The placing underwriting consortium is composed by the following institutions: Banco Santander Totta, Caixa Geral de Depósitos, Banco BPI, Banco Bilbao Vizcaya Argentina (Portugal), Banco Comercial Português and BNP Paribas (in Portugal).
In September 2007, the subsidiary Optimus – Telecomunicações, S.A., reimbursed its financing from European Investment Bank (BEI), in an amount of Euro 324 million.
With this refinancing, the group was able to, under the current favorable market conditions, increase the weighted average maturity, extinguish some of the contractual, financial and operational restrictions imposed by the previous Optimus contract and obtain higher efficiency in terms of the consolidated liquidity management.
These loans bear interest at market rates, indexed to the Euribor for the respective term, and were all contracted in Euros. Consequently, it is estimated that the fair value of those loans does not differ significantly from their market value.
The spread on the medium and long term loans is established between 22.5 and 87.5 basis points.
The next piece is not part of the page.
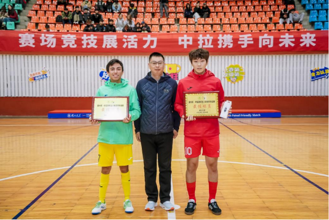 本次比赛不仅为中拉青年提供了展现自我的舞台,更充分彰显了中拉青年友好交流、奋勇争先的精神风貌。赛事最佳球员张嘉俊表示,本次比赛是湖北大学五人制足球队首次与拉美球队交锋,既是一场新的挑战,也是展现湖北大学风貌、深化湖北大学与拉美足球交流的难得契机。最佳球员吉安迪表示,本次比赛为两支球队提供了增进友谊、了解彼此文化的机会,期待将来继续参与此类活动。
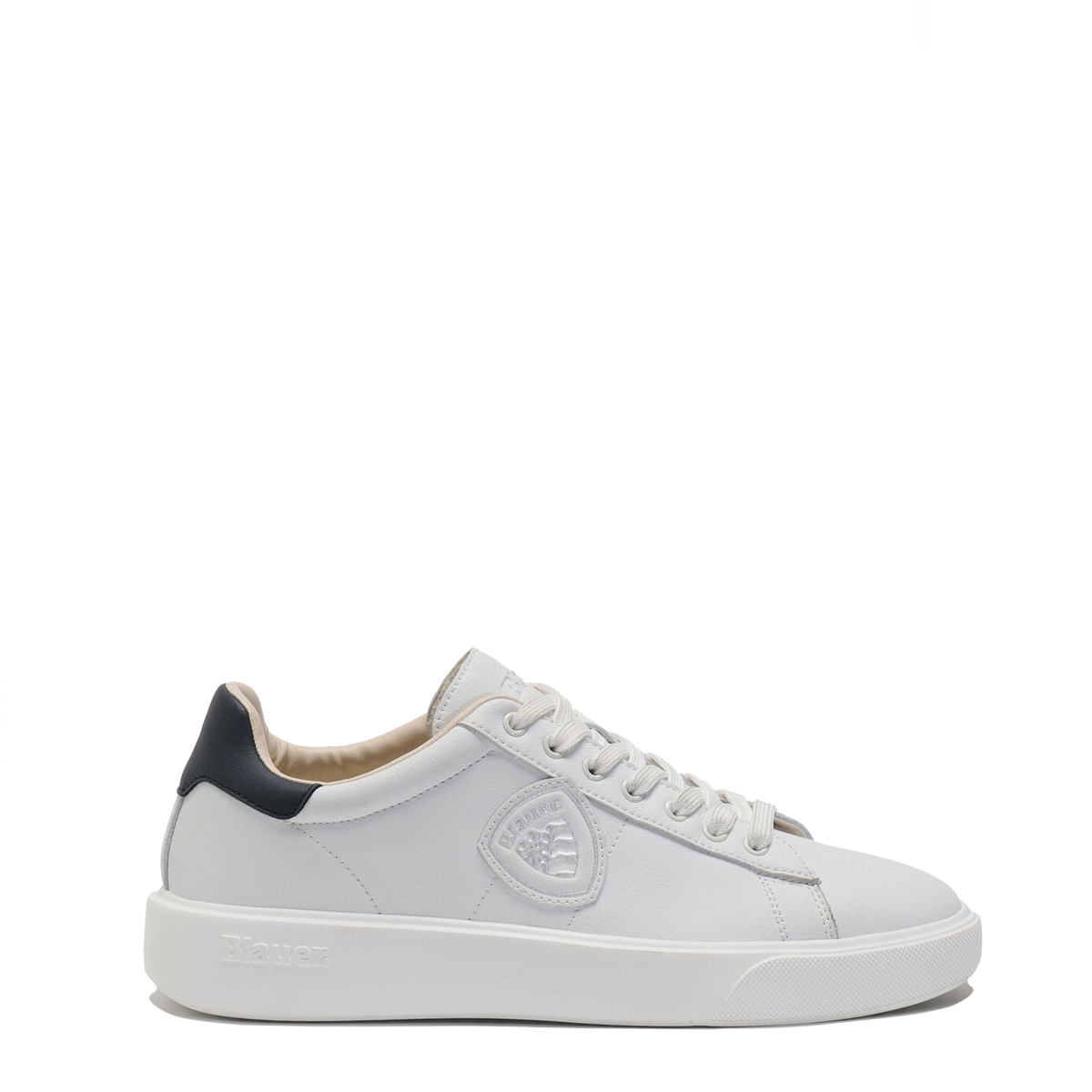 uomo 〉 Calzature 〉 Scarpa 〉 Sneakers "Buck" Bianche con Dettagli Blu Navy in Pelle Granata

All the loans above are unsecured and the fulfillment of the obligations under these loans is exclusively guaranteed by the underlying activities and the companies respective cash flows.
At 30 June 2008 and 2007, the repayment schedule of medium and long term loans and of interests, for both bonds and commercial paper was as follows:
| 2008 | ||||||
|---|---|---|---|---|---|---|
| N+1 | N+2 | N+3 | N+4 | N+5 | After N+5 | |
| Bond Loan | ||||||
| Reimbursements | - | - | - | - | 150,000,000 | - |
| Interests | 9,153,050 | 9,153,050 | 9,153,050 | 9,178,058 | 8,902,967 | - |
| Commercial paper | ||||||
| Reimbursements | - | - | 57,500,000 | - | 150,000,000 | - |
| Interests | 9,781,390 | 9,781,390 | 8,669,902 | 7,149,334 | 605,545 | - |
| 18,934,440 | 18,934,440 | 75,322,952 | 16,327,392 | 309,508,512 | - | |
| 2007 | ||||||
| N+1 | N+2 | N+3 | N+4 | N+5 | After N+5 | |
| Bond Loan | ||||||
| Reimbursements | - | - | - | - | - | 150,000,000 |
| Interests | 7,765,718 | 7,744,500 | 7,744,500 | 7,744,500 | 7,765,718 | 7,553,540 |
| 7,765,718 | 7,744,500 | 7,744,500 | 7,744,500 | 7,765,718 | 157,553,540 |
Although the maturity of commercial paper issuance is six months, the counterparties assumed the placement and the maintenance of those limits for a period of five years.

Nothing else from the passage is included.